Current progress in development of hepatitis C virus vaccines

Abstract

Despite major advances in the understanding and treatment of hepatitis C, a preventive vaccine remains elusive. The marked genetic diversity and multiple mechanisms of persistence of hepatitis C virus, combined with the relatively poor immune response of the infected host against the virus, are major barriers. The lack of robust and convenient model systems further hampers the effort to develop an effective vaccine. Advances in our understanding of virus-host interactions and protective immunity in hepatitis C virus infection provide an important roadmap to develop potent and broadly directed vaccine candidates targeting both humoral and cellular immune responses. Multiple approaches to generating and testing viral immunogens have met with variable success. Several candidates have advanced to clinical trials based on promising results in chimpanzees. The ultimate path to a successful preventive vaccine requires comprehensive evaluations of all aspects of protective immunity, innovative application of state-of-the-art vaccine technology and properly designed vaccine trials that can affirm definitive endpoints of efficacy.

Figure 1

Natural course of HCV infection and types of protective immunity. Top, the course of acute HCV infection and the induced adaptive immune responses to control HCV infection. During the acute phase of HCV infection, replication of the virus is unchecked and attains high-level viremia within a short period of time. Liver enzymes, such as alanine cell aminotransferase (ALT), become elevated.
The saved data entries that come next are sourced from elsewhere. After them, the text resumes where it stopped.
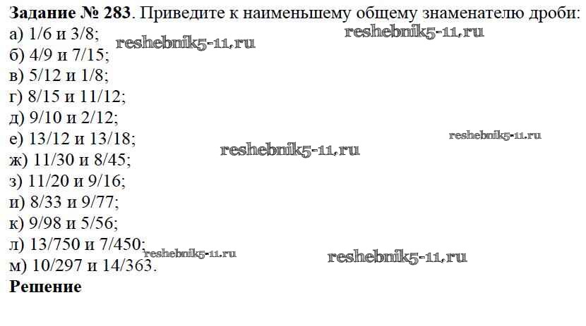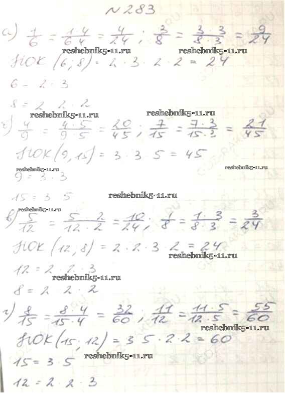 Готовая домашняя работа с ответами по Математике за 6 класс Виленкин, Жохов, Чесноков, Шварцбурд Учебник Мнемозина 2014 ФГОС - §2. Сложение и вычитание дробей с разными знаменателями 283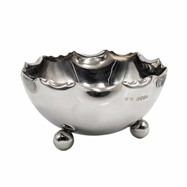 Antique silver bowl from London 1883 with three ball legs and intricate detailing.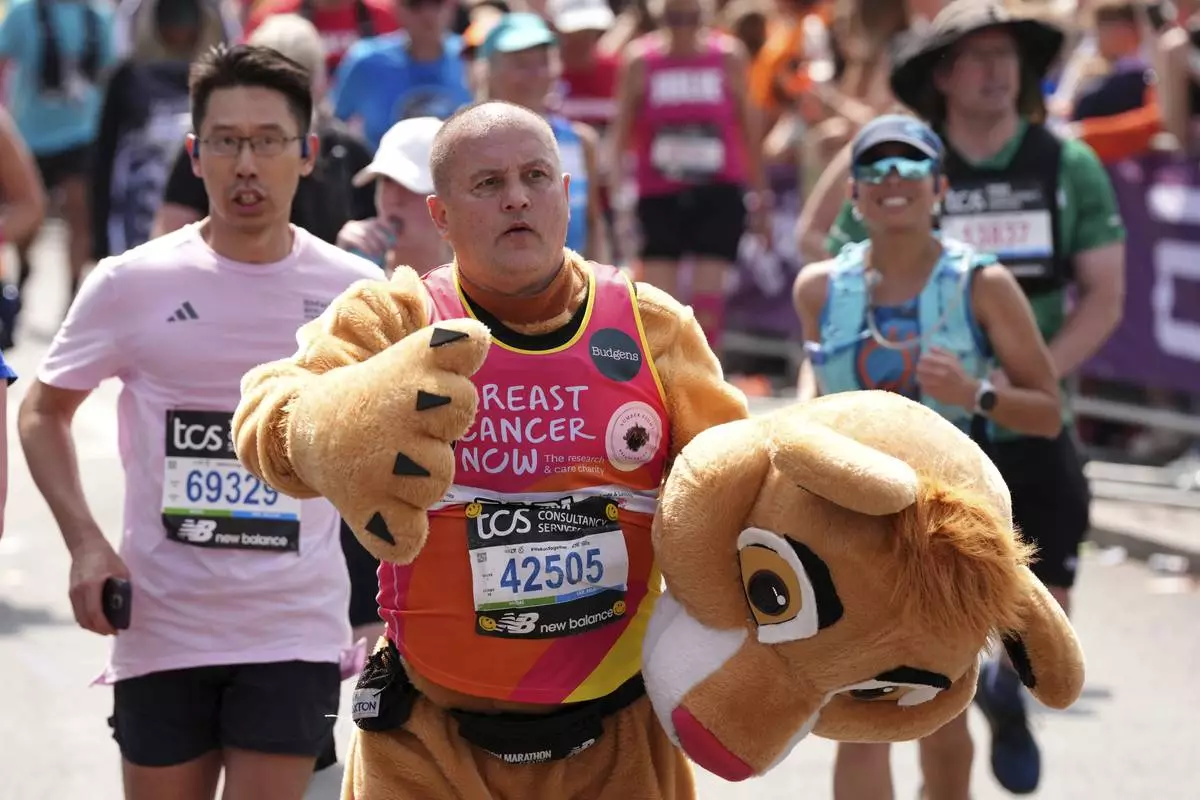 Runners cross Tower Bridge in fancy dress during the Mass Participation race of the TCS London Marathon, Sunday April 27, 2025. (Jonathan Brady/PA via AP)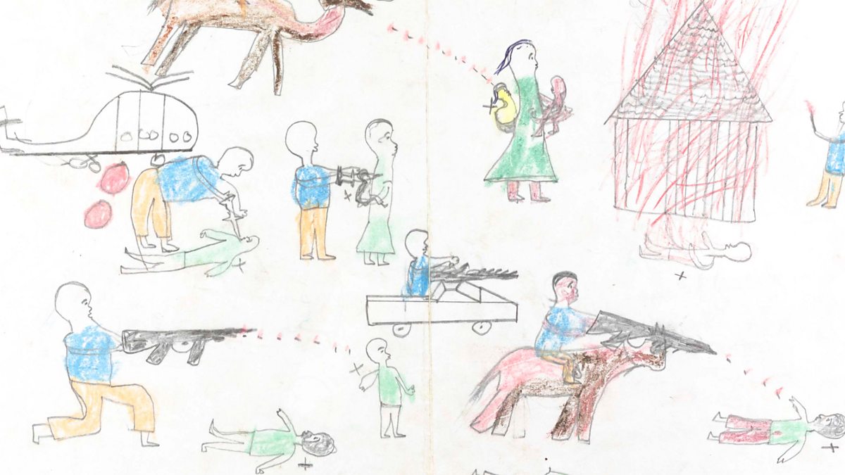 Their brutality was witnessed and captured in the drawings of children who survived these attacks. The drawings are now on display at the Wiener Holocaust Library in London.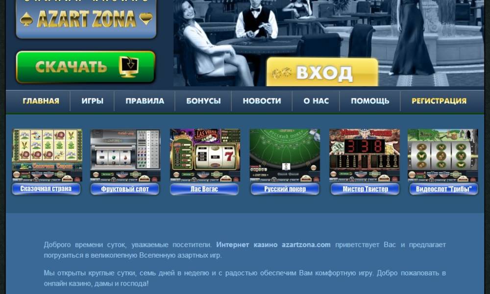 Название Azart Zona говорит само за себя. Игроки, попавшие в него, попадут в настоящее азартное заведение, где каждую минуты кто-то выигрывает и проигрывает. Чтобы испытать удачу на прочность, достаточно пройти простую процедуру регистрации и начать наслаждаться игрой.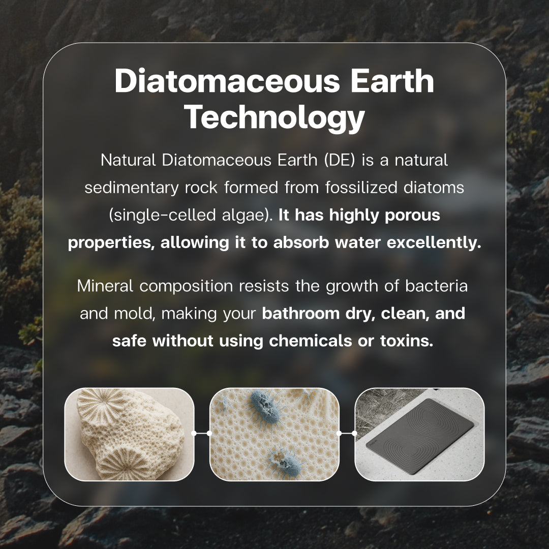 Instant Absorption, Natural Safety. Crafted from fossilized Diatomaceous Earth, this mat absorbs moisture the moment it touches the surface. Paired with a secure anti-slip base, it ensures total stability with every step - keeping your space clean, safe & elegant.
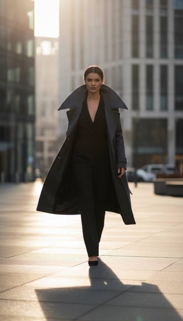Redefine classic outerwear with a grey trench coat featuring an exaggerated, statement making collar, a key detail for 2025. This bold design element elevates the traditional trench, adding a touch of dramatic flair and contemporary elegance. Pair it with a tailored jumpsuit in a dark, rich hue or a sleek, form fitting knit dress to maintain a sophisticated and streamlined silhouette. Modern, minimalist boots or chic pointed toe pumps will complete the look, drawing attention to the coat’s unique design. This ensemble is perfect for the confident woman who appreciates classic pieces reimagined with a distinct, fashion forward twist, making an unforgettable sartorial impression.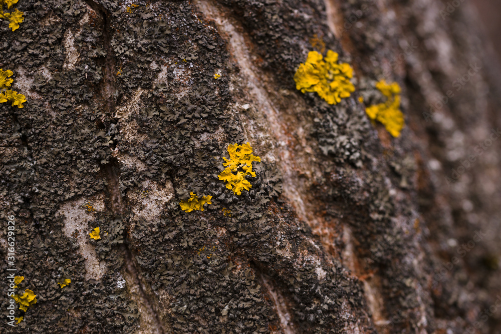 Green moss on walnut bark closeup. Stock photo of walnut tree bark and forest green moss.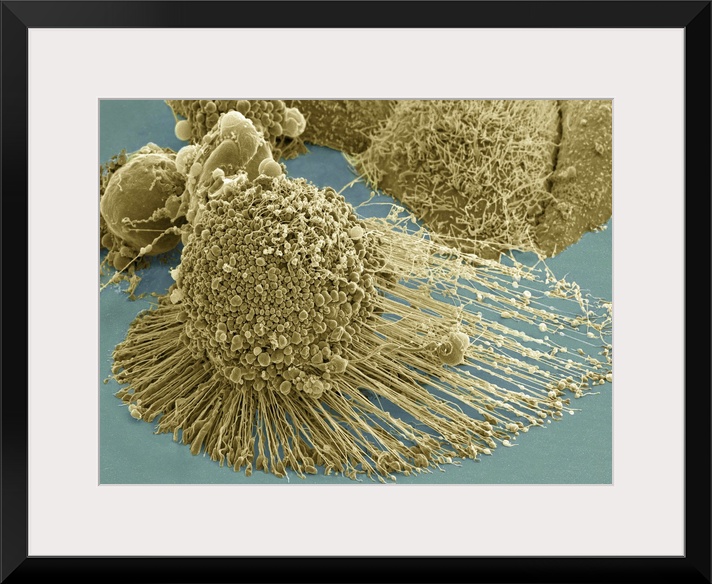 <p>Scanning electron micrograph of an apoptotic HeLa cell. Zeiss Merlin HR-SEM.</p>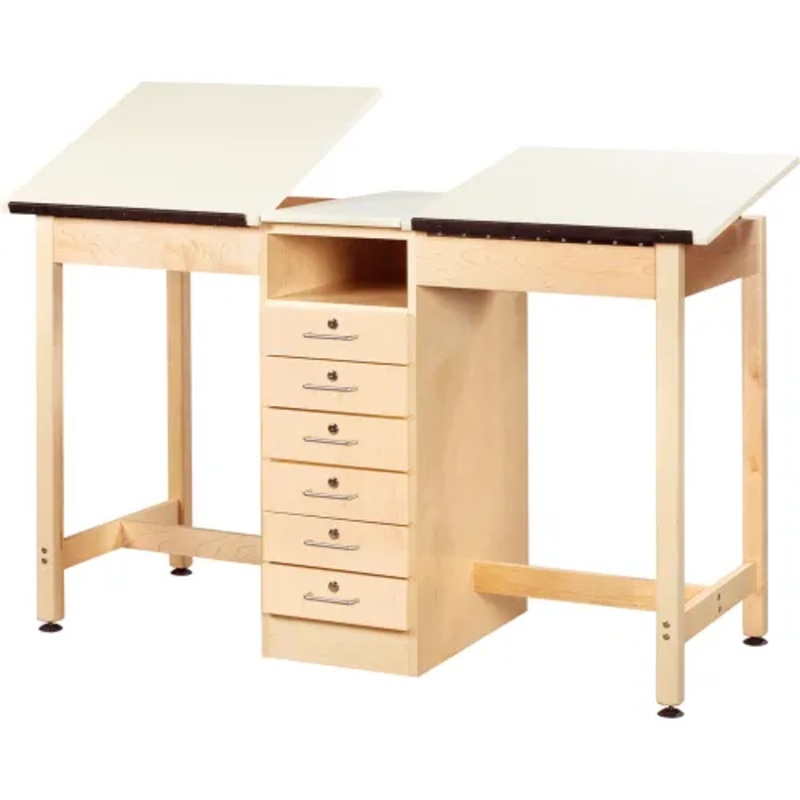 Two-station drawing table with six drawers Plywood cabinet withsolid maple apron and legs make this the perfect table for everyday use by two students. Center cabinet has six dovetailed locking drawers (10-1/2"W x 19-3/4"D x 3-1/4"H) and a book compartment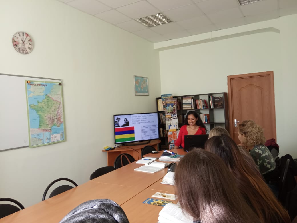 11 сентября 2019 г во Франкофонном ресурсном центре доцент З.Р.Киреева и волонтер Альянса Франсез-Уфа Селина Ришон провели занятия со студентами 2 и 4 курсов направления «Лингвистика», изучающими язык Мольера в качестве второго иностранного. Студентам 4 курса Селина рассказала о своей родине — Маврикии, — о её истории и географии, достопримечательностях и языковом многообразии. Большой интерес у студентов вызвали вопросы о системе образования в этой далекой стране, о направлениях туризма и видах транспорта. Селина, выпускница двух парижских университетов, представила систему образования Маврикия и Франции в сопоставительном плане, ответила на все интересующие студентов вопросы. Будущие переводчики, в свою очередь, ответили на вопросы гостьи о российской системе образования. Следует отметить, что студенты 4 курса владеют французским языком в достаточной степени для того, чтобы общаться с носителем языка без переводчика.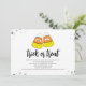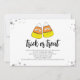 Host a funny Halloween party with this cute, fun candy corn invitation! Featuring stylish calligraphy script and a cool typography design, this invite sets the perfect tone for a trick-or-treat celebration. Designed for fall autumn parties with kids or adults, it showcases a whimsical cartoon illustration, a simple minimalist layout, and playful orange striped accents. Get ready for a spooktacular night—personalise your invite today!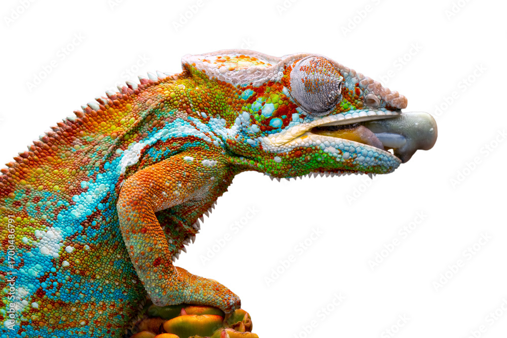 Panther Chameleon (Furcifer pardalis), Ambilobe morph, preparing to strike with its sticky ball-shaped tongue. This colorful reptile is native to Madagascar.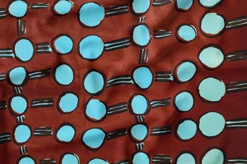 Wilkinkarra Fabric – Blue and Black on Burnt Sienna (Tencel Linen) 50cm
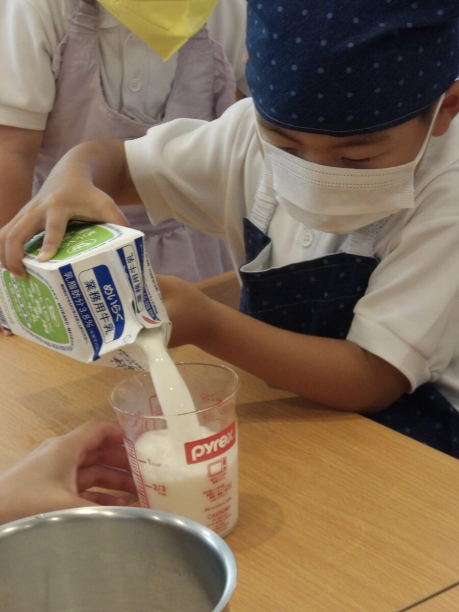 計量した牛乳の中に砂糖を入れていきます。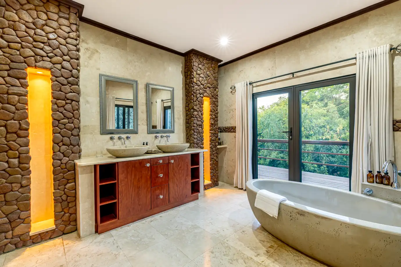 Our carefully crafted king-size beds promise nights of deep relaxation, enveloping you in comfort. The elegantly designed en-suite bathrooms feature spacious baths and invigorating walk-in showers, offering the ideal space to refresh after a day of exploring the bush.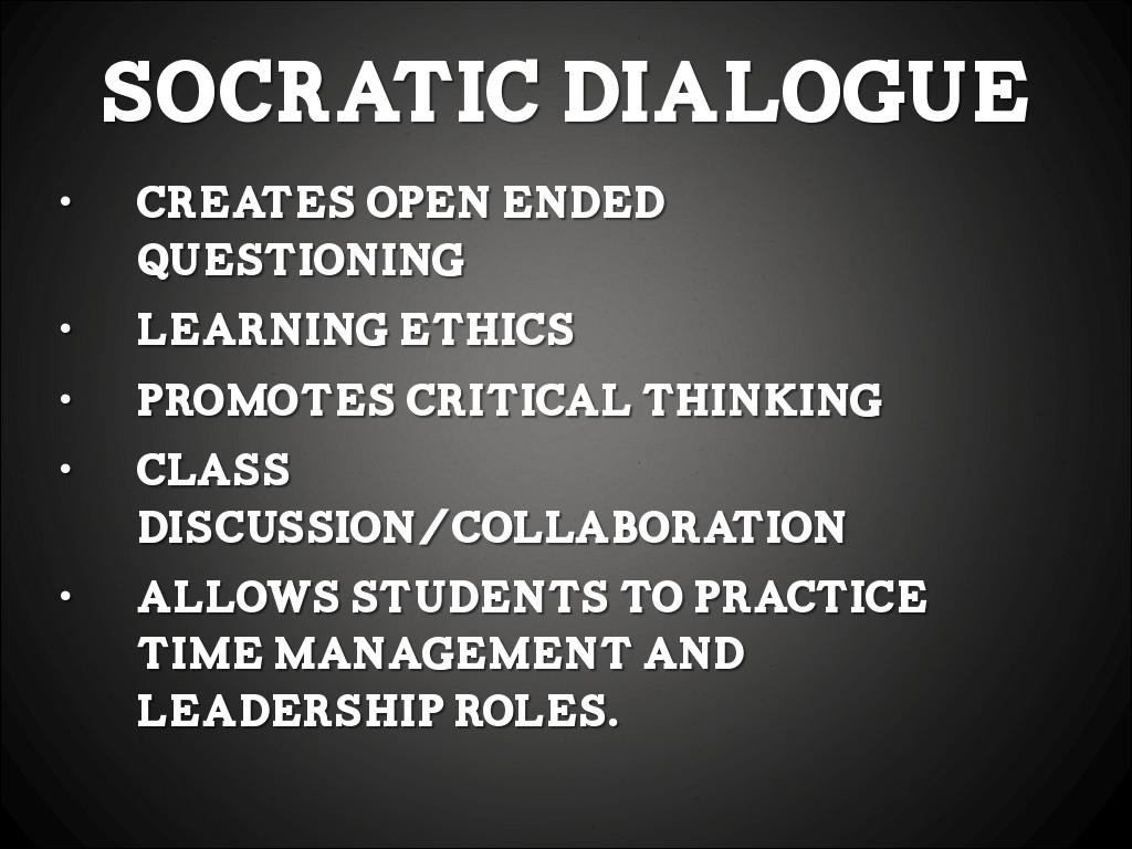 Students learning a new topic in history might be asked to create questions about the topic or may be presented with questions from the teacher. A class discussion will take place where the leader will make sure to clarify, synthesize and restate opinions being discussed. Students need to be able to defend their positioning and statements.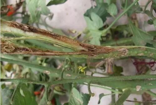 枯萎病初发病时,先是下部叶片枯黄,并大量脱落,与地表接触的茎基部皮层呈水浸状腐烂,地上部茎叶迅速凋萎;有时病部只在茎的一侧发展,形成纵向条状坏死区,后期仍全株枯死。剖检病株地下部根系也呈水浸状软腐,皮层极易剥落,木质部变成暗褐色至煤烟色。在湿度大的条件下,病部常产生白色或蓝绿色的霉状物。西红柿挂果后,植株长势变弱,再加上近期低温、寡照的天气较多,营养消耗大,植株透支严重,枯萎病症状开始显现出来。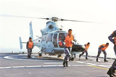4月23日,参加演习的中方导弹护卫舰烟台舰上的舰载直升机紧急起飞供图/新华社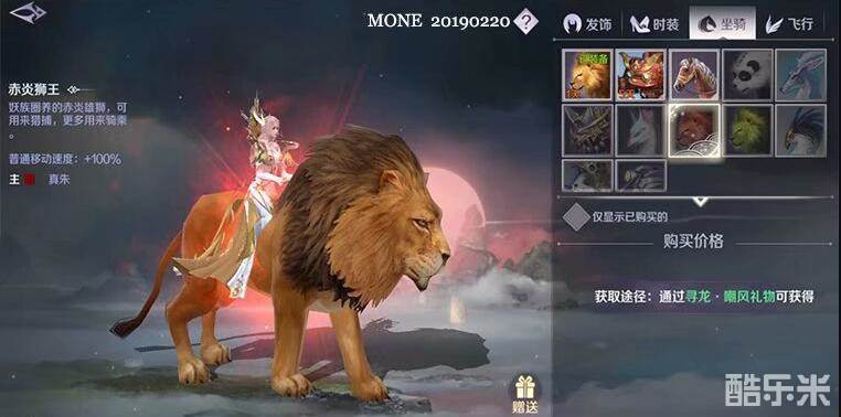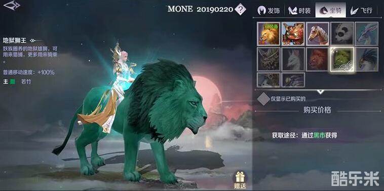 提供100%移动速度,价格1500元宝,威武霸气的狮子移动速度也不凡,王者气息;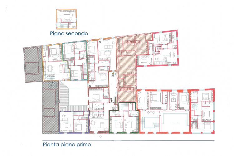 No. 17 – (yellow floor plan / first and second floors) - 108 sq m, 2 bedrooms, 2 bathrooms. Asking price: 290,00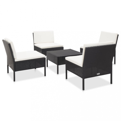vidaXL 5-részes fekete polyrattan kerti kanapészett párnákkal kerti bútor termékleírás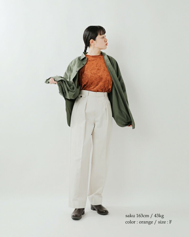 身幅と袖幅にゆとりがあり、体のラインを拾わないシルエットです。着丈は短めで、トレンド感をプラス。ほんのり透け感があって、涼しく着ていただけます。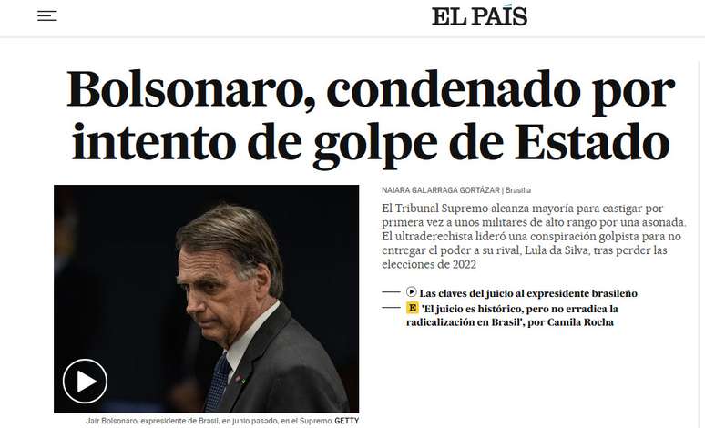 No jornal El País a condenação por tentativa de golpe de Estado de Jair Bolsonaro virou manchete. O jornal considerou o julgamento como o "mais politicamente relevante do Brasil nos últimos anos” e deu ênfase ao fato desta ser a primeira vez que a Suprema Corte punirá militares de alto escalão por ataque à democracia. “O ultra-direitista liderou um plano de golpe para não entregar o poder ao seu rival, Lula da Silva, depois de perder as eleições de 2022”, complementaram.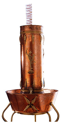 Ήταν ένας χάλκινος κύλινδρος που είχε νερό στη βάση του. Εκεί επέπλεε ένας μεγάλος φελλός. Πάνω στον κύλινδρο ήταν στηριγμένα σε όρθια θέση τα «έτοιμα μηνύματα». Στο κάτω μέρος υπήρχε μια μικρή βρύση, ένας κρουνός όπως λεγόταν εκείνη την εποχή, ενώ γύρω γύρω υπήρχε μια λεκάνη. Μια ίδια συσκευή υπήρχε και στην απέναντι πλευρά όπου πήγαινε το μήνυμα.Έτσι, γινόταν εφικτή η επικοινωνία ανάμεσα στον πομπό και τον δέκτη. Αντίστοιχα, και στις δυο πλευρές υπήρχε από ένας χειριστής.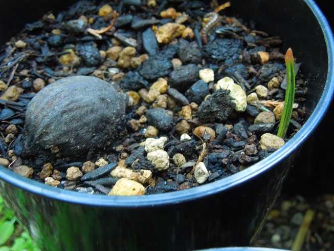 ビスマルキアの発根種子を深鉢に植え付けてからそろそろ3か月。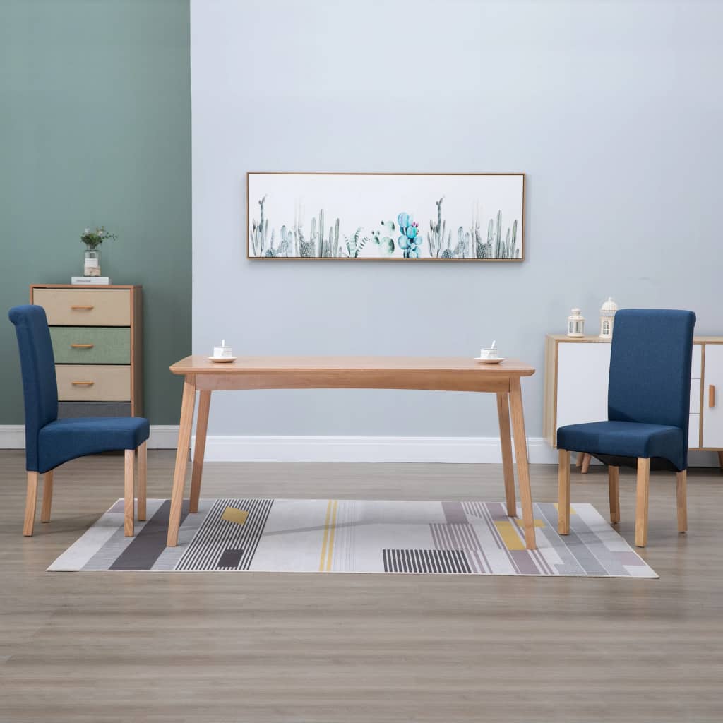 Tillsätt en modern känsla i ditt kök eller vardagsrum med våra mysiga och stadiga matstolar! Denna uppsättning om 2 matstolar i tyg är estetiskt vackert och ergonomiskt designad för att bli en mysig höjdpunkt i ditt hem. Den blir en bekväm plats för din familj att äta middag på i köket, eller läsa och vila i vardagsrummet. Tack vare dess sits och ryggstöd har vår stol en optimal sittkomfort. Dessutom är dess högkvalitativa träram och träben väldigt stabila och säkerställer en utmärkt hållbarhet. I leveransen ingår 2 matstolar.

As the host immune response is activated, either viral clearance occurs or viral level drops and persists at a lower level as the viral set point during the chronic phase, which can be associated with elevated ALT. The classical vaccine strategy of inducing sterilizing immunity is to prevent acute infection and has been highly effective in viral infections that cause acute and severe disease. The mechanism of sterilizing protection mediated by vaccine-transient viremia after exposure to HCV that is below the limit of detection (middle).In contrast, cell-mediated immunity is crucial for viral clearance in the case of recovery or control of viral replication during the chronic phase of infection (bottom). Anti-HCV Ab, HCV-specific antibody.

Figure 2

Targets and mechanisms of vaccine-induced immunity in prevention of HCV infection. Various vaccine candidates targeting different aspects of host immune responses are illustrated. Protein-based vaccine targets B cell immunity and, if produced either in unique form or with potent adjuvant, can cross-prime to the T cell pathway. Viral vectors or DNA plasmids induce predominantly T cell responses. They can also prime B cell immunity if the expressed antigens include HCV envelope proteins. VLPs can also target both B and T cell immune responses. B cell immunity, via neutralizing antibodies, can either neutralize circulating virus—usually in complex with lipoprotein—or virus at the entry step.T cell–mediated immunity can either directly eliminate viral-infected cells via cytocidal mechanisms or produce antiviral cytokines such as IFN-γ. IFN-α and IFN-λ can be produced by activated dendritic or other immune cells to inhibit viral replication. Innate immune cells, such as NK or NKT cells, may also be activated by vaccine to produce antiviral cytokines or exert direct cytotoxic effector function. MHC, major histocompatibility complex; TCR, T cell receptor.

Figure 3

Diagram of steps for vaccine trial design and important parameters to monitor during study. PBMCs, peripheral blood mononuclear cells.